Re: 8052 emulator in C

On Thu, 26 May 2011 10:11:01 -0600, hamilton <hamilton@xxxxxxxxxxx>

On 5/25/2011 11:22 PM, George Neuner wrote:
On Tue, 24 May 2011 13:46:31 -0600, hamilton<hamilton@xxxxxxxxxxx>

I took a compiler class 30 years ago, and my professor at the time
stated that it was not possible.
With the better compiler available today it would be even more impossible.

Either your professor was mistaken or you misunderstood.

The point of decompiling is not to recover the original code, but
rather simply to get something that's easier to work with than an
assembler listing.

Hmmm, Sounds like you agree with that statement.

Reverse engineering can be done in many ways, not just looking directly
at the code.


It wasn't clear to me what you meant by "impossible".

Some languages - e.g. Java, C#, VB, etc. - which compile to canonized
byte code and carry meta-information in the binary can be decompiled
nearly perfectly.

In the general case of a HLL compiled to assembler, it is possible to
recover the compiler's generated template code ... however that may
not match up with the source.

for example, on most CPUs a backward conditional branch is faster than
a forward conditional branch ... so virtually any kind of loop will be
rearranged so that the exit test is at the end. So given the
following C code:

for ( i = 25; i <= 73; ++i )


i = 25;
while ( i <= 73 )

a great many compilers will rearrange either loop into the equivalent:

i = 25;
if ( i > 73) goto END_LABEL;
if ( i <= 73 ) goto START_LABEL;

and then generate assembler to implement it.

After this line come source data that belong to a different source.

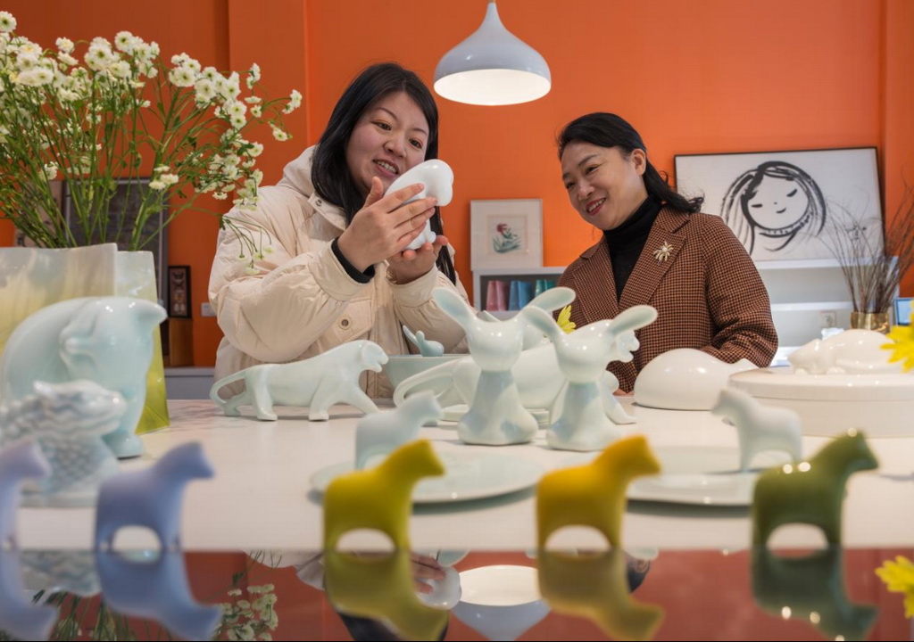 "Every year, I create a series of ceramic artworks based on Chinese zodiac animal signs. As 2024 marks the Year of the Dragon in the lunar calendar, I have already received orders from several companies. The first batch of dragon-inspired ceramic products is about to be sent out," Wu said to Sheng Jingjing, director of the Jingdezhen Municipal Bureau of Culture and Tourism.
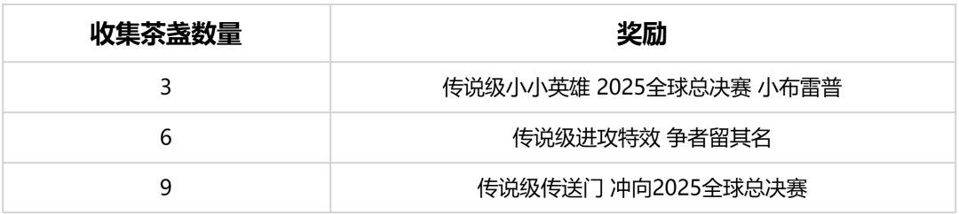 ● 里程碑奖励:收集茶盏,可免费领取2025全球总决赛主题奖励。收集数量及奖励如下:
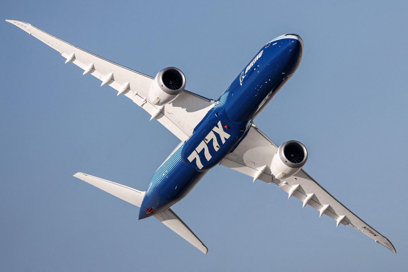 A Boeing 777X aircraft performs a demonstration flight at the 2021 Dubai Airshow in the Gulf emirate on November 14, 2021. (Photo by Giuseppe CACACE / AFP) (Photo by GIUSEPPE CACACE/AFP via Getty Images)
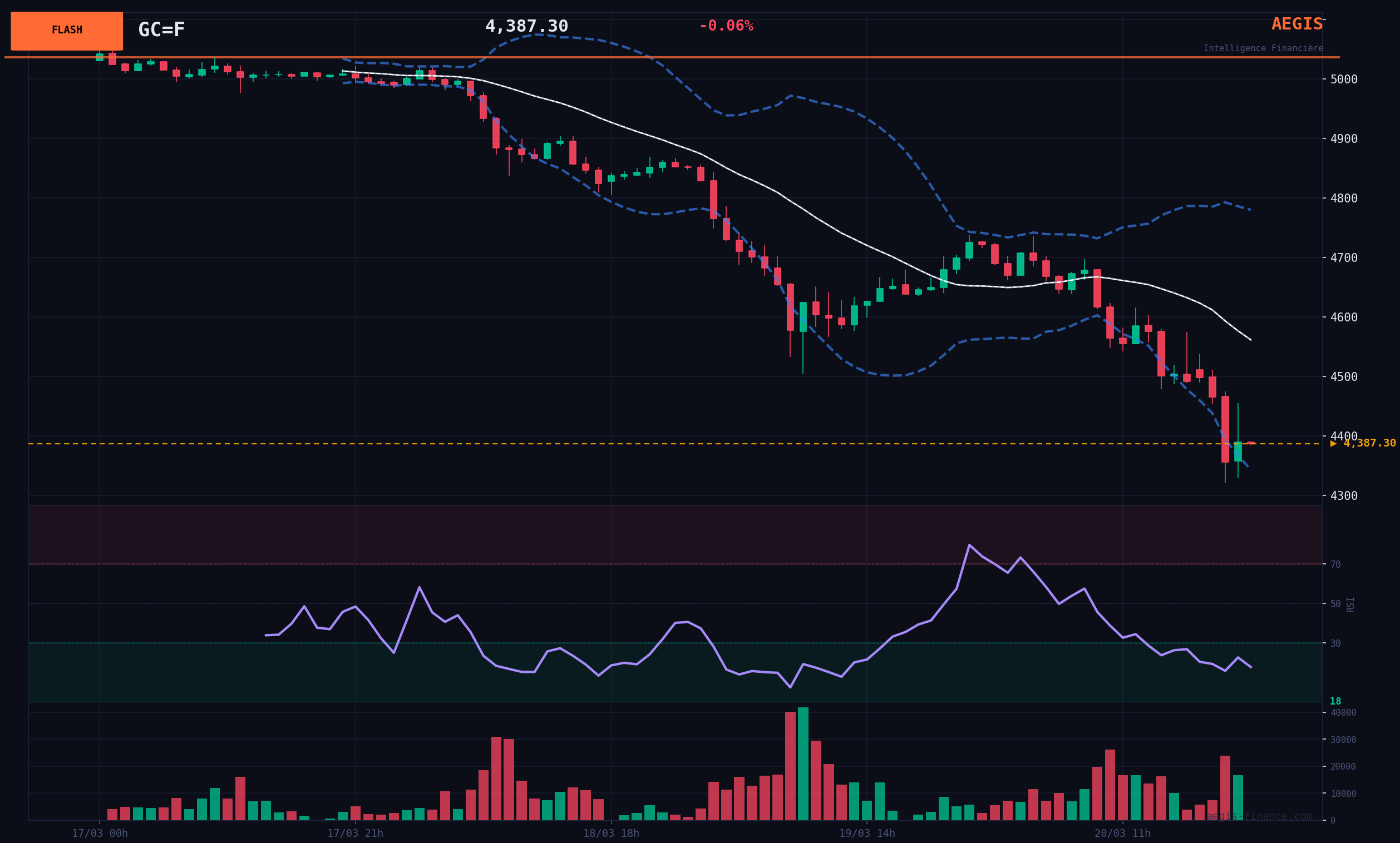 In a market regime in TRANSITION and with high volatility (VIX at 27), this BEARISH signal on Gold (GC=F) is triggered by a volumetric selling capitulation that ignores the tense geopolitical context. Macro risk remains high, requiring strict risk management. The signal is triggered on a 4-hour close below the support of $4322. The first target (TP1) is set at $4150 for partial securing, with a final target (TP2) at $4000. The protection stop is placed at $4450. Recommended sizing: Standard position (1x).
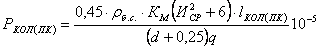 где РПР, PКОЛ(ПК) - потери давления на прямых участках трубопровода и коленах (переходном конусе), МПа; lПР, lКОЛ(ПК) - соответственно длина прямых участков трубопровода и колен (переходного конуса), м; d - диаметр трубопровода, м; ρб.с. - плотность бетонной смеси, кг/м3; КМ - безразмерный коэффициент, учитывающий влияние местных сопротивлений; ИСР - средняя скорость движения бетонной смеси по трубопроводу, м/с
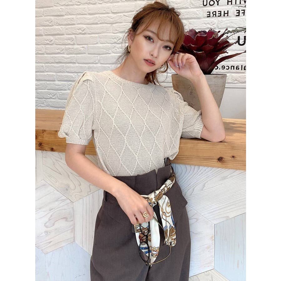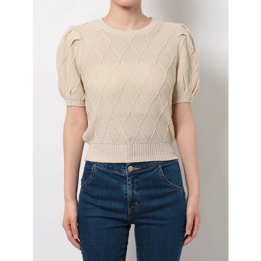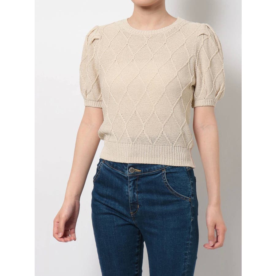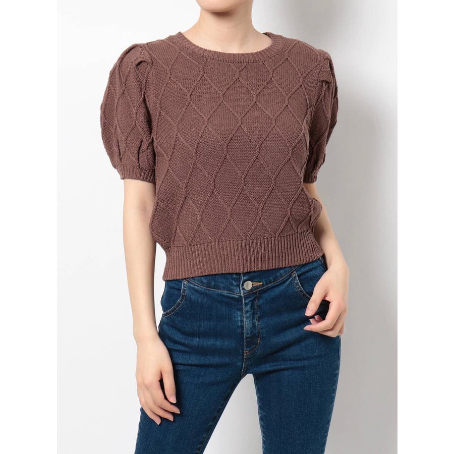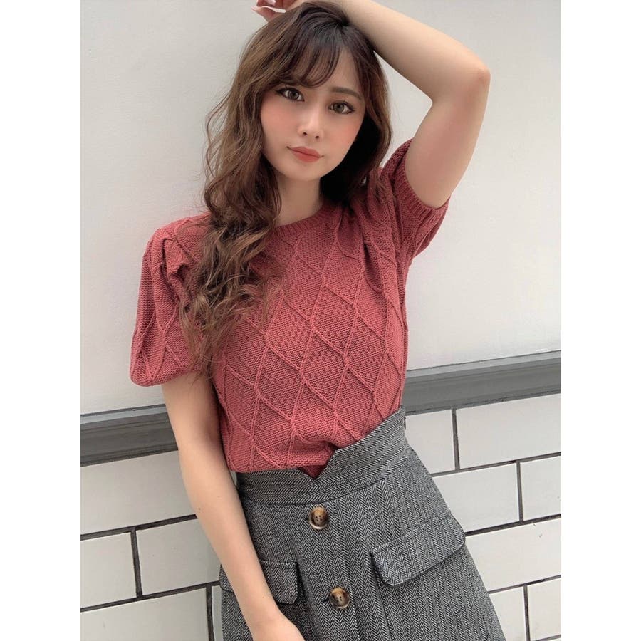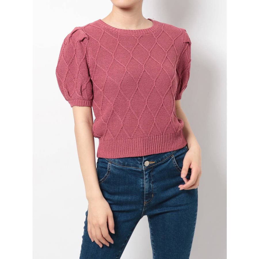 \編み方に拘りダイヤ型に見えるデザインのトップス/ブークレ糸を使用したニット。袖はパフスリーブにし全体のシルエットがコンパクトに見えるようにしました。合わせやすいベーシックカラー3色とキーカラーのピンクを1色差しカラーに◎幅広いボトムスと合わせられます◎【商品特徴】透け感:なし伸縮性:あり生地の厚さ:普通サイズ感:普通裏地:なし

A decompiler can fairly easily recover this kind of stylized code,
which itself is easily recognized by a programmer as a do-while loop
with a preceding skip test. A programmer seeing this should know (but
not care) that the original source might actually have been a for or a
while loop. A good decompiler might actually output the do-while loop
rather than the labeled goto version.

My point simply is that it is always possible to work backward from
assembler to an equivalent sequence in the HLL, and equivalency is
sufficient to recover algorithms from the original code.